We wanted to spotlight this – T.J.Clarke (from last month (January 23, 2025)’s London Review of Books):
“Television Was a Baby Crawling towards That Deathchamber.’ These words are by Allen Ginsberg, writing in 1961, the title of a poem anathematising America. ‘It is here, the long Awaited bleap-blast light that Speaks one red tongue like Politician.’ The most chilling word in Ginsberg’s title strikes me as ‘That’. It knows we know what it refers to. But maybe, ultimately, even the ‘That’ offers a glimmer of hope – doesn’t it put us still outside the killing machine? And the worst horror of the present moment (worst for its observers, I mean, not for its victims) comes from the suspicion that any such outside has disappeared – ‘disappeared’ being the TV deathchamber’s word of choice.”
“Television Was a Baby Crawling towards That Deathchamber.” – We’ve spoken of William Burroughs’ prescience, but Allen too. There’s a recording of Allen reading that poem- here

Allen Ginsberg – World Citizen – World Poet – International Poet – We’re pleased to announce the long-awaited publication in China of the Ginsberg-Kerouac Letters (in Shanghai, in Simplified Chinese) The translator on this project is Hu Yigun

Ross Goodwin‘s triumph last week – the official unveiling of Howl.camera

AI and AG continue their dance.
Sasha Stiles of the VERSEverse collective – “Poems are generative in many ways. like generative code, they are compressed carriers of meaning, expanding uniquely with each reader’s engagement — an algorithm of experience that runs differently in every mind, based on individual perspectives, backgrounds, interests… for me and so many others, Allen Ginsberg’s HOWL is an especially potent example – an incantatory text that reshapes itself across time and readers, activating new resonances with every pass..”
So another sad passing to report (from just yesterday), Pierre Joris, esteemed poet, essayist, translator, anthologist

A friend and occasional translator of the Beats into French, (notably Contretemps à temps de Carl Solomon (1974), Mexico City Blues de Jack Kerouac (1977), Sentiments éligiaques américains de Gregory Corso (1977), and Jukebox hydrogène de Allen Ginsberg (avec Nicole Peyrafitte, 2008))… But this is only a tiny fraction of his prodigious achievement. Can we mention the translation of Picasso’s wonderful poems? can we mention Paul Celan? (we just did!)
& fugitive items – there’s the rare (and wonderful) “A Talk With Allen Ginsberg”, from back in 1970, (a 30-page interview in a one-off Bard College magazine) – (might the audio – and other materials – be what we’re listening to here? – and here?)
– “taped in a little house up the road from Bard, on the afternoon of December 3, 1969. Ginsberg was giving a reading at Bard that night”.)
Pierre, from Jane Ormerod’s 2023 interview:
” I came to America and became an American poet because I had discovered Allen Ginsberg, Bob Kaufman, Jack Kerouac already in Europe, and soon after arriving here in 1967 I came across the richness of the Don Allen anthology..

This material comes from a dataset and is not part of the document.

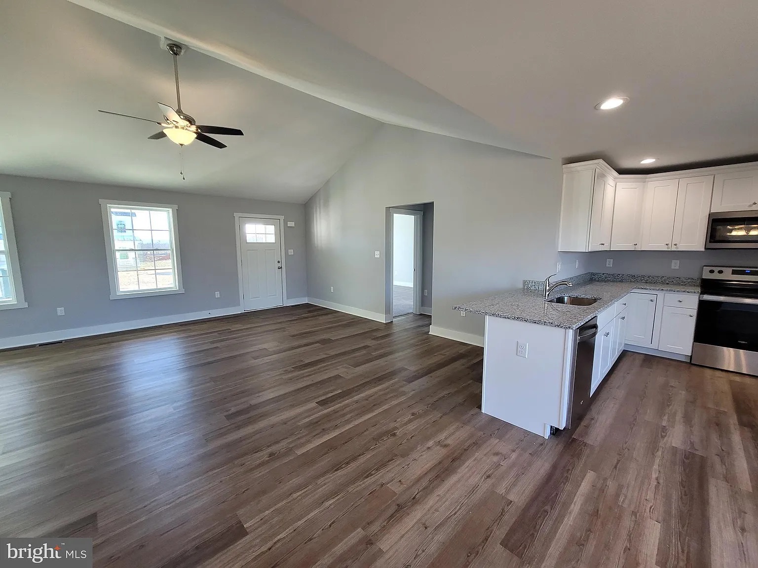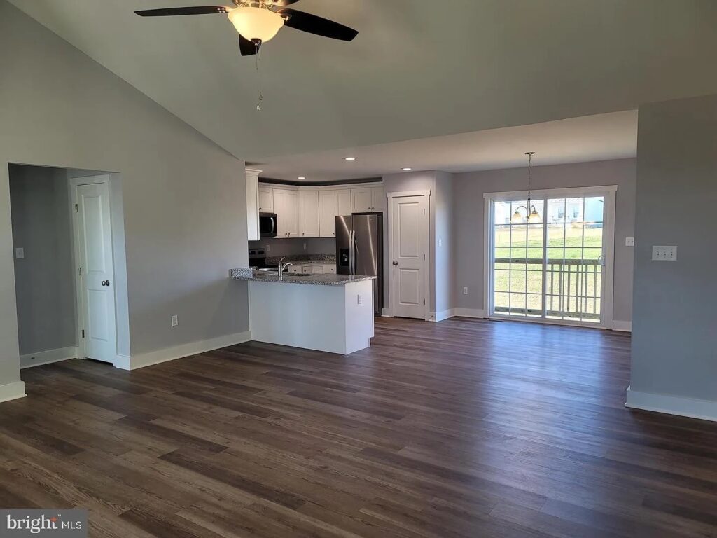 Step through the front door into a bright, open-concept living area, where the spacious great room, dining area, and kitchen blend seamlessly together. The kitchen is designed for everyday living and entertaining alike, featuring ample cabinet storage, a center island, and convenient proximity to the dining space.

Gerd Stern – Last week we noted the passing of this “counterculture Zelig” and in particular, J Hoberman‘s lively New York Times obituary on him. The following day, the Times followed up with a further article linking him with Allen and Carl Solomon – “Three Poets – The Tale of Gerd, Carl and Allen” – don’t miss it.
Incidentally, “The first person to get Allen Ginsberg high was Gerd Stern” writes Madison Margolin in a 2024 profile – but wasn’t that Lester Young?
and here’s footage of the late great nonagenarian (reading in New York City, just this past October)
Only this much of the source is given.